Larger buffers reduce system call overhead and improve throughput.

### Gzip Buffer

```c
gzbuffer(gz, size);  // Set before first read/write
```

Default `GZBUFSIZE` is 131072 (128 KB). For sequential I/O, larger
buffers (256 KB–1 MB) improve throughput by amortising I/O overhead.

### Inflate Buffers

The inflate engine benefits from output buffers ≥ 32 KB (the maximum
window size). Buffers ≥ 64 KB keep the fast path active longer (the
fast path requires ≥ 258 bytes of output space and ≥ 6 bytes of input).

---

## `deflateTune()`

Fine-tune the `configuration_table` parameters at runtime without
changing the level:

```c
int deflateTune(z_stream *strm, int good_length, int max_lazy,
                int nice_length, int max_chain);
```

Example — high-speed level 6:
```c
deflateInit(&strm, 6);
deflateTune(&strm, 4, 8, 32, 64);  // Shorter chains than default
```

Example — deeper search at level 4:
```c
deflateInit(&strm, 4);
deflateTune(&strm, 16, 64, 128, 512);  // Deeper search
```

---

## Profiling Tips

### 1. Identify the Bottleneck

Use `perf` or equivalent to identify whether compression is CPU-bound
(expect: hash lookup, match search) or I/O-bound (expect: read/write
syscalls):

```bash
perf record -g ./minigzip < large_file > /dev/null
perf report
```

Look for hot functions:
- `longest_match_*` — String matching (CPU-bound)
- `adler32_*` / `crc32_*` — Checksumming (CPU-bound)
- `slide_hash_*` — Window maintenance (CPU-bound)
- `__write` / `__read` — I/O (I/O-bound)

### 2. Verify SIMD Usage

Check which implementations are selected:

```bash
# Check for SIMD symbols in the binary
nm -D libz-ng.so | grep -E 'avx2|neon|sse|pclmul'
```

Or set a breakpoint in `init_functable()` during debugging.

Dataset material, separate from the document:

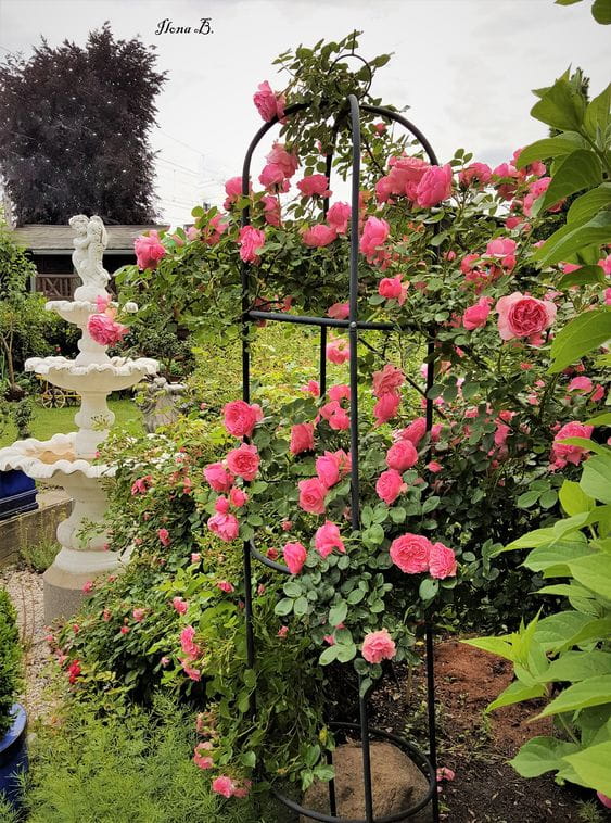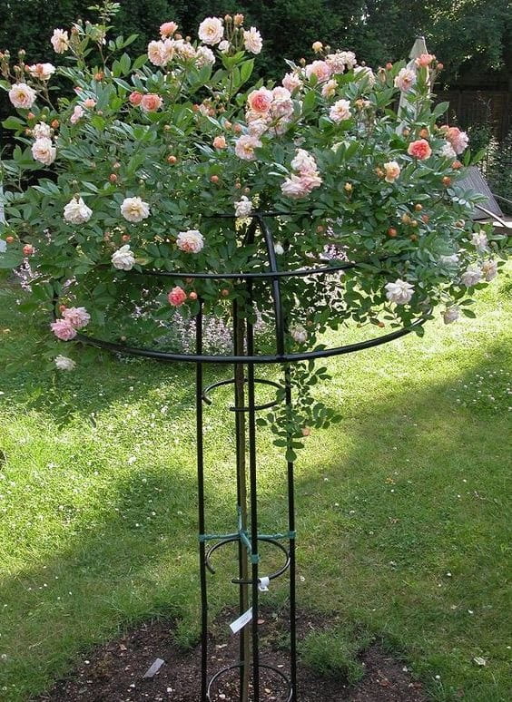 Similar to trellis obelisks, this structure makes it easier to prune, train, and care for the rose, as you can access all sides of the plant.

### 3. Benchmark Specific Functions

Use the built-in benchmarks:
```bash
cmake .. -DWITH_BENCHMARKS=ON
cmake --build .
./benchmark_adler32 --benchmark_repetitions=5
./benchmark_compress --benchmark_filter="BM_Compress/6"
```

---

## Common Tuning Scenarios

### High-Throughput Compression (Level 1)

```c
deflateInit2(&strm, 1, Z_DEFLATED, 15 + 16, 8, Z_DEFAULT_STRATEGY);
```

Level 1 uses `deflate_quick`: no hash chain walking, static Huffman tables,
minimal overhead. Best for cases where compression speed matters more than
ratio (real-time logging, network IPC).

### Maximum Compression (Level 9)

```c
deflateInit2(&strm, 9, Z_DEFLATED, 15, 9, Z_DEFAULT_STRATEGY);
```

Level 9 + memLevel 9 provides the deepest search (`max_chain=4096`) and
largest hash table. Use for archival where decompression speed matters
but compression can be slow.

### Memory-Constrained Environment

```c
deflateInit2(&strm, 6, Z_DEFLATED, 10, 4, Z_DEFAULT_STRATEGY);
```

windowBits=10 (1KB window) + memLevel=4 gives ~16KB total memory.
Suitable for embedded systems.

### Multiple Streams in Parallel

Each `z_stream` is independent. For multi-threaded compression, create
one stream per thread:

```c
// Thread-safe: each thread has its own z_stream
#pragma omp parallel for
for (int i = 0; i < num_chunks; i++) {
    z_stream strm = {};
    deflateInit(&strm, 6);
    // compress chunk[i]
    deflateEnd(&strm);
}
```

The `functable` initialisation is thread-safe (atomic init flag), so
the first call from any thread will safely initialise SIMD dispatch.